Fourteen SSR primers, size, and summary statistic across four populations in V. baillonii.
| LOCUS | REPEAT | Forward primer (5′–3′) | reverse primer (5′–3′) | Ta (°C) | SIZE(BP) | Na | He | Ho |
|---|---|---|---|---|---|---|---|---|
| HQJ19 | (TA)6 | TTTGCTTACCGTTTGTCC | AATGCTTCCAGCCTATCC | 52 | 187–192 | 2 | 0.3310 | 0.0000 |
| HQJ34 | (TGG)6 | CGTTACGGTCTTTCCTTG | AATACCTCACTCCTCCACAT | 58 | 191–197 | 4 | 0.6095 | 0.1111 |
| HQJ35 | (TAAAA)4 | CCGAACAAACAACTCATT | TCCTGTATTCACCCTCCT | 54 | 163–178 | 2 | 0.3692 | 0.0000 |
| HQJ37 | (AAGA)5 | GCTCGTTTCGTTTGTTTC | GTCGGTTATGAGATTCCATC | 58 | 105–129 | 4 | 0.6841 | 0.1667 |
| HQJ40 | (GAT)7 | AGCGTCTATTGGGCAGTG | AAAAGCAGAGTGAAGAAACATC | 58 | 52–149 | 4 | 0.5270 | 0.3333 |
| HQJ45 | (AT)6 | CAGCCTCACGCTCAACAA | CGACGGCCTACCATCTTT | 55 | 195–199 | 3 | 0.7750 | 0.3750 |
| HQJ56 | (TA)9 | CTAAAAATGATGAACTCCCGAAAAA | ACTGAGCAGCACAGCACAAC | 58 | 98–106 | 4 | 0.7033 | 0.8751 |
| HQJ63 | (TA)5 | ACGGAGGACATCACGAGC | TGGCAGGGCAAACCATAT | 52 | 116–118 | 2 | 0.2637 | 0.0000 |
| HQJ79 | (AGA)6 | CAGCTTGCGAGGATACGG | CTTCCCAAACTGCGAGGC | 58 | 157–162 | 2 | 0.6667 | 0.0000 |
| HQJ99 | (GCC)6 | GAGCAATCAGGAGGAGGG | GGGAAATGAACAGCGACTT | 60 | 156–168 | 2 | 0.3556 | 0.0000 |
| HQJ103 | (ACTC)5 | TGACTCCTTGACTGACCCTC | TGCAGCAGCTTGCTTTAT | 58 | 122–133 | 3 | 0.5333 | 0.0000 |
| HQJ115 | (AT)10 | GTTCTGTTGCTACCTGTG | TTGTCTCATTTTGCTTTC | 56 | 200–209 | 2 | 0.8571 | 1.0000 |
| HQJ134 | (TA)9 | TCCTCCTCCTTTATCACA | GTGCAGTATTAAGCGTTG | 57 | 365–377 | 3 | 0.5455 | 1.0000 |
| HQJ137 | (AC)9 | TTTCACGCTCATCTTTTA | CCTTTTGGCAGTCATTAT | 52 | 231–233 | 2 | 0.5455 | 1.0000 |
Abbreviations: Size, size of cloned allele; Ta, annealing temperature; Na, number of alleles; He, expected heterozygosity; Ho, observed heterozygosity.
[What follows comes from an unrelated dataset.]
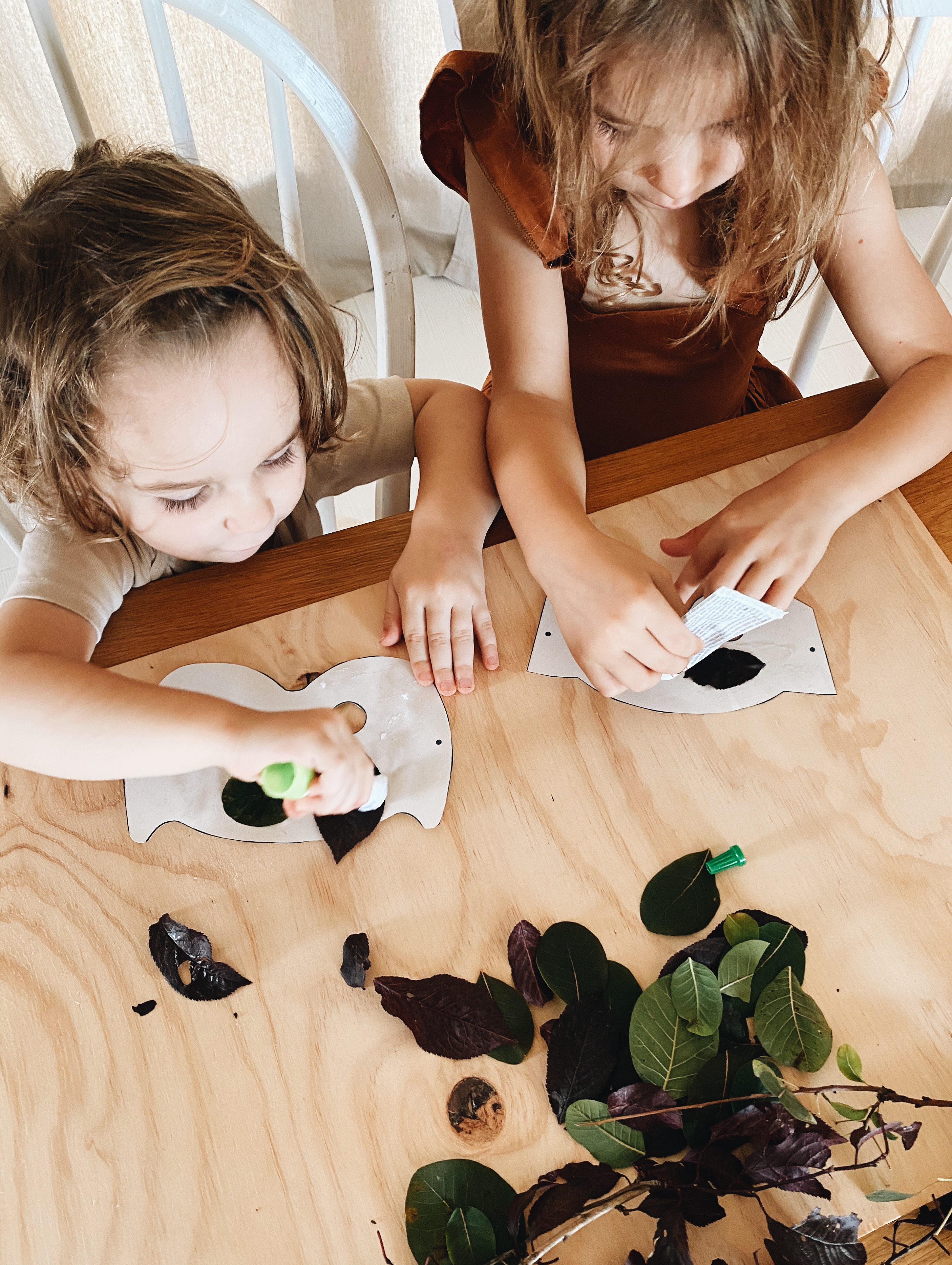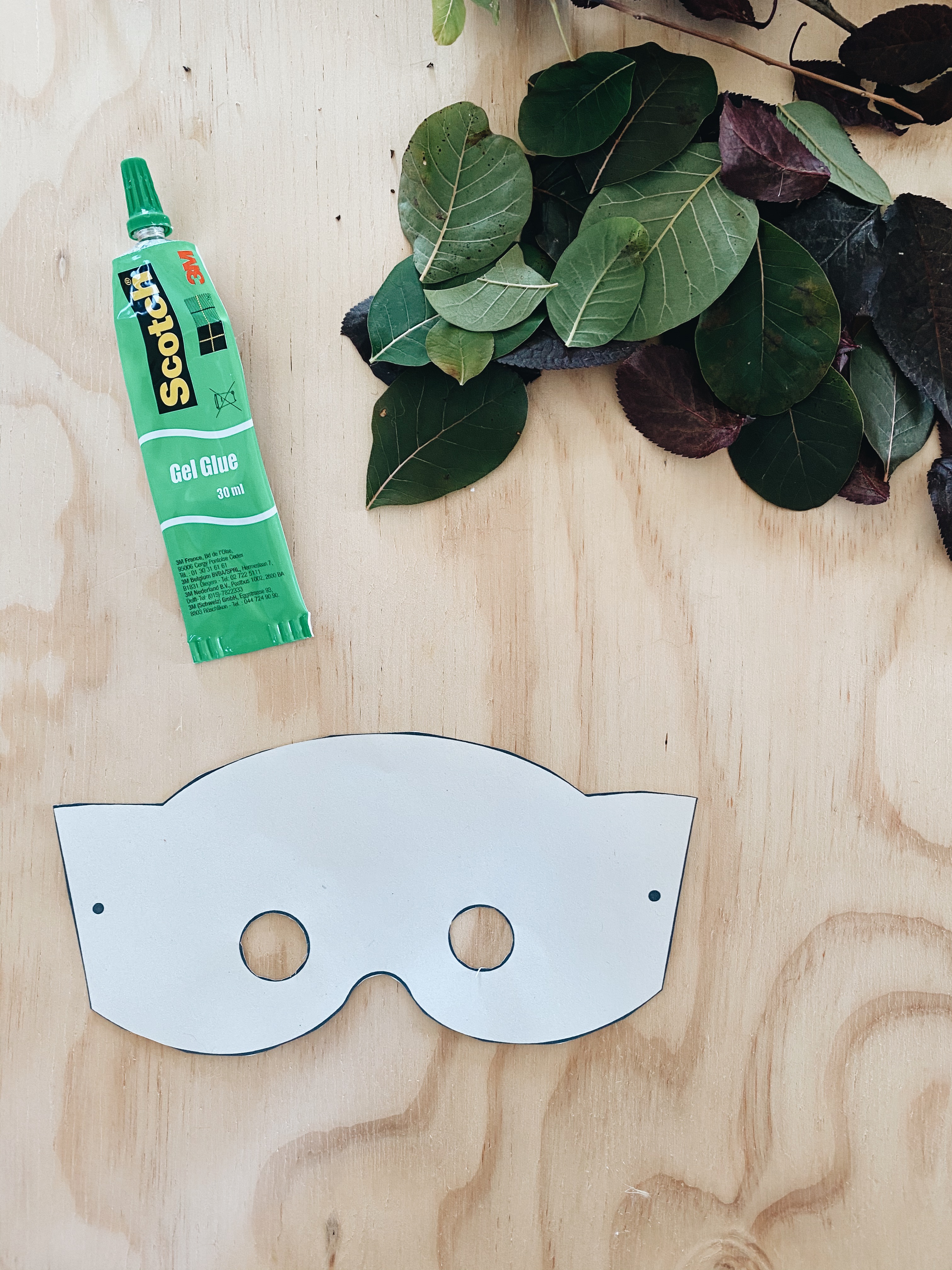 Découper le masque avec un cutter ou scalpel. Des ciseaux peuvent faire l’affaire sur du papier cartonné. A l’aide de colle (glu ou autre), coller les feuilles sur le masque.

Figure 3UPGMA dendrogram constructed based on eight genotypes from four representative populations and five SSR markers developed in this study. Two clusters were identified, generally corresponding to two geologic locations: the Mekong River and the Jinsha River (YN, Yun Nan Province; SC, Si Chuan Province).